User packages are another big part of the next features of InfluxDB 2.0. Pretty much like NPM packages, Influx packages are meant to allow developments of any kind of logic into the platform without having to perform a pull request.

Proposals were made for interacting with Influx packages, such as a CLI with custom functions such as:

> influx package init
> influx package publish

You can define types and rules inside a configuration file that is very similar to a package.json file in Node ecosystems.

Warning : Influx user packages are different from Flux packages.

Flux packages are used to import Flux functions that were already coded and that you would want to use in a new Flux function.

II – Recent Industry Collaborations

In this industry, I believe that collaboration is one of the ways to succeed.

Most of the existing products (at least Grafana, InfluxDB and Prometheus) are working towards improving the interoperability of their respective products.

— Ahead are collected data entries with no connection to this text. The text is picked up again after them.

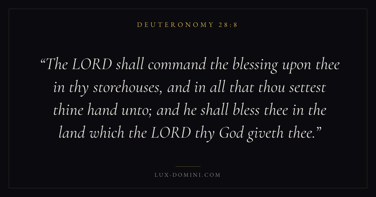 The LORD shall command the blessing upon thee in thy storehouses, and in all that thou settest thine hand unto; and he shall bless thee in the land which the LORD thy God giveth thee.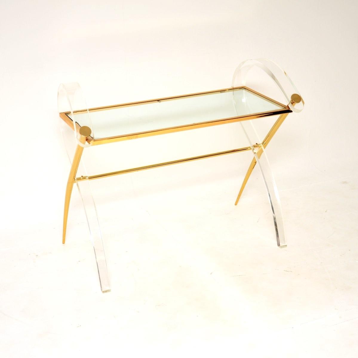 A stunning vintage Italian Lucite and gold finish console table, dating from the 1970s.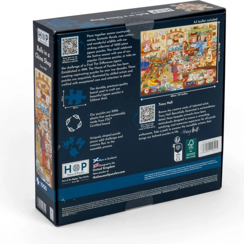 Uživajte v zabavi in sprostitvi s sestavljanko Biki v trgovini s porcelanom, ki je priljubljena izbira za ljubitelje sestavljank. Sestavljanje iz 1000 kosov, ki imajo vsak svojo edinstveno obliko, prinaša nepozabno izkušnjo. Sestavljanka vključuje: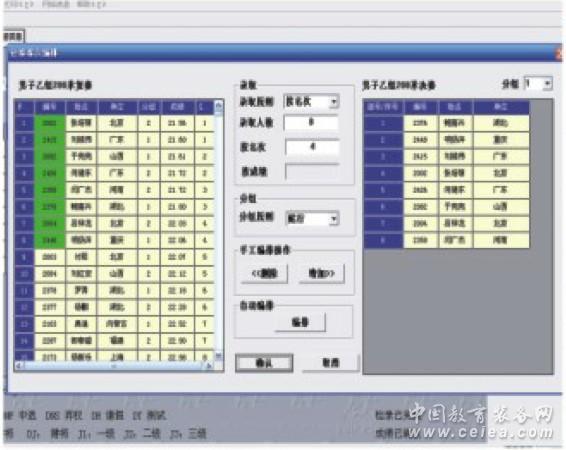 比賽過程的信息處理包括后續(xù)賽次錄取編排、各種統(tǒng)計信息、各種文書文檔等,提供自動編排與手工調(diào)整兩種方式,在此基礎(chǔ)上生成分場秩序冊;針對不同項目提供大量統(tǒng)計信息,如:全能項目積分、運(yùn)動員等級、破紀(jì)錄信息等,一旦比賽成績傳送完成,上述信息立即自動生成,個別信息(如破紀(jì)錄)還將自動提示。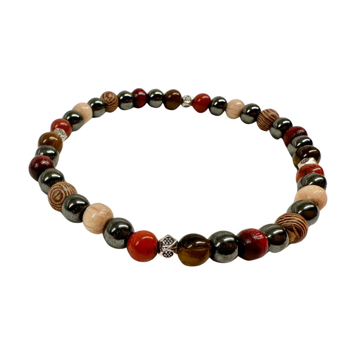 Náramek Unisex - Tygří oko, Jaspis, Hematit a dřevěné korálky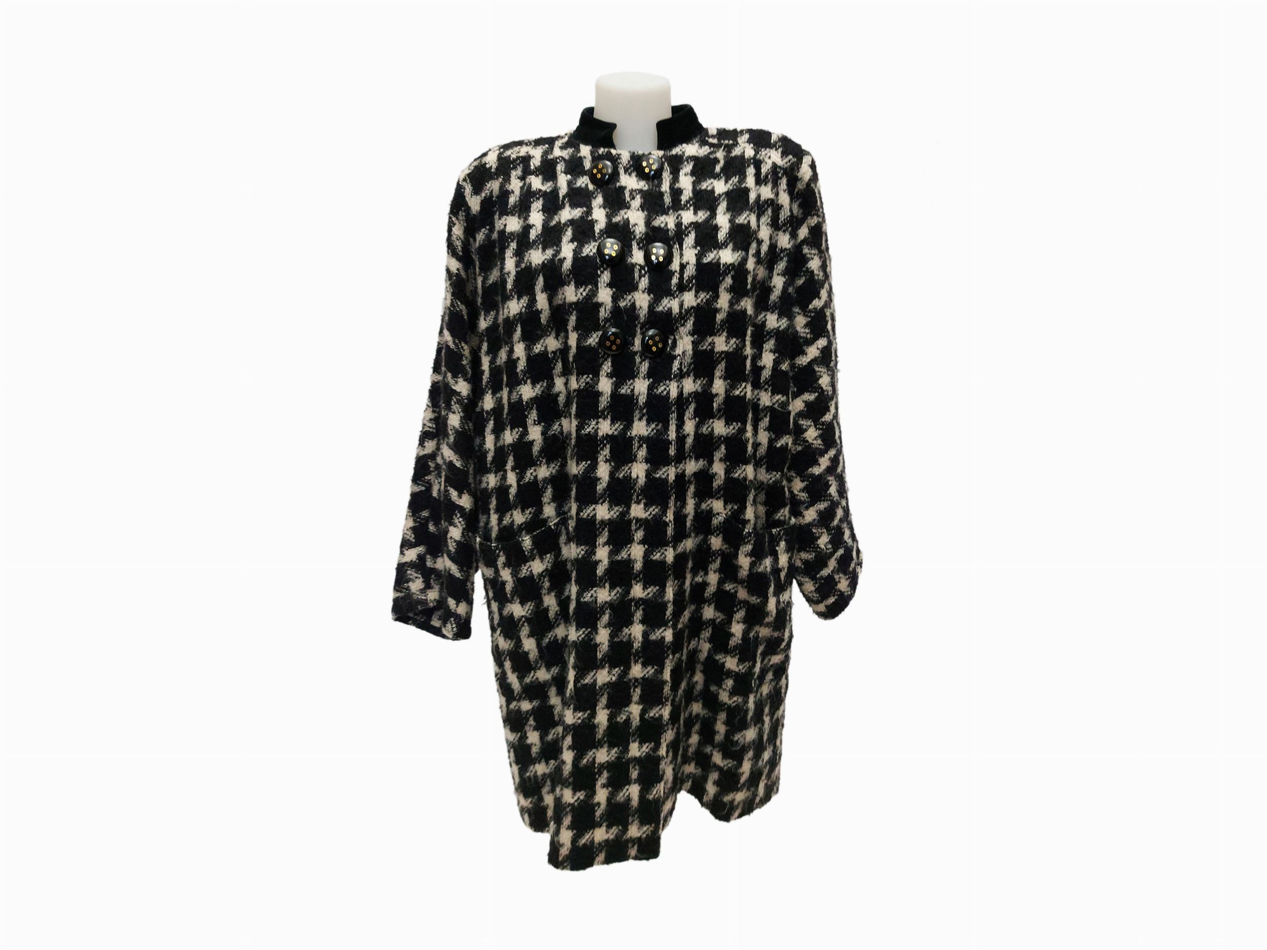 Valentino - Cappotto in lana bouclé pied de poule bianco e nero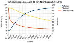 Das Heizelement einfacher elektrisch beheizter Geräte hat Kaltleiter-Eigenschaften. Dadurch ist die Heizleistung in kälterem Zustand während der Anheizphase und bei großem Durchsatz höher als im aufgeheizten Zustand bei geringem oder keinem Durchsatz. So wird die Heizleistung zu einem gewissen Grad an den Bedarf angepasst. Durch länger andauernden schnellen Vorschub der Klebestange kann die Schmelzkammer dennoch soweit abkühlen, dass sich der Ausfluss des Klebstoffs mangels ausreichender Verflüssigung stark verlangsamt. Ein kontinuierlicher Betrieb von einfachen Geräten ohne Temperaturregelung ist daher in der Regel auf einen geringen Klebstoff-Durchsatz beschränkt. Dadurch reduziert sich der Einsatzbereich auf punktuelle oder linienförmige Verklebungen von schlecht wärmeleitenden, flexiblen Materialien, die sich nach und nach mit dem Klebstoff belegen und niederdrücken lassen.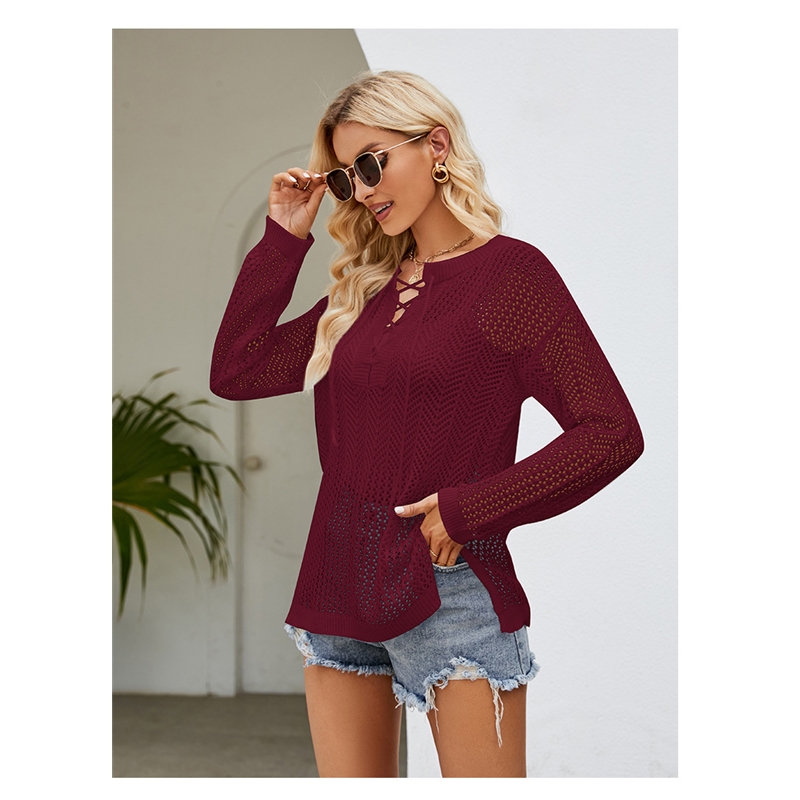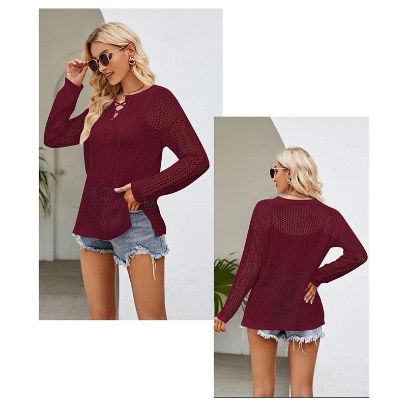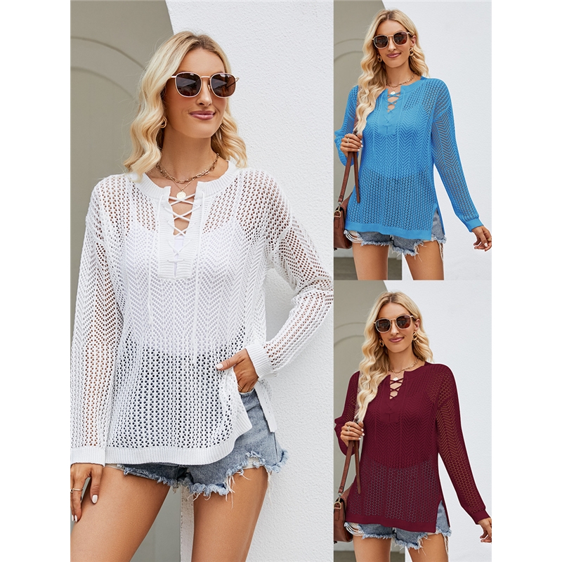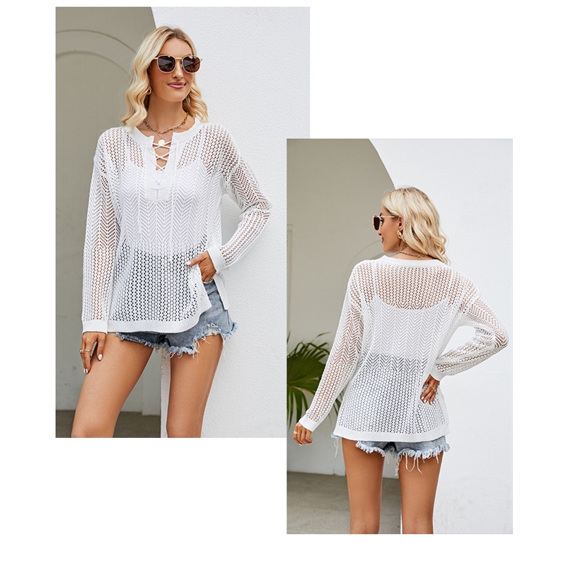Solid Color Long Sleeves Slit Casual Loose Thin Hollow Knitted Cover-Up

What do we mean by interoperability?

Even if those tools are not accepting the same metrics format, and not dealing with the same APIs, there is a work in progress in accepting various different formats in InfluxDB.

a – Grafana

Even if InfluxDB 2.0 definitely intersects some of the features of Grafana, Grafana still provides new ways to monitor your InfluxDB metrics.

Both InfluxDB and Grafana are working on data exploration features.

Grafana wants to become an observability platform. It means that Grafana can be used to monitor real time data, but it also can be used to have a closer look at certain metrics, and even compare them with metrics from other buckets or databases.

b – Prometheus & Flux Transpilation

We know that Prometheus and Flux works quite differently when it comes to data querying.

As a reminder, I explained how Prometheus querying via PromQL worked in my Prometheus guide.

One of the news that was unveiled at InfluxDays London 2019 was the transpiling work done from Prometheus to Flux.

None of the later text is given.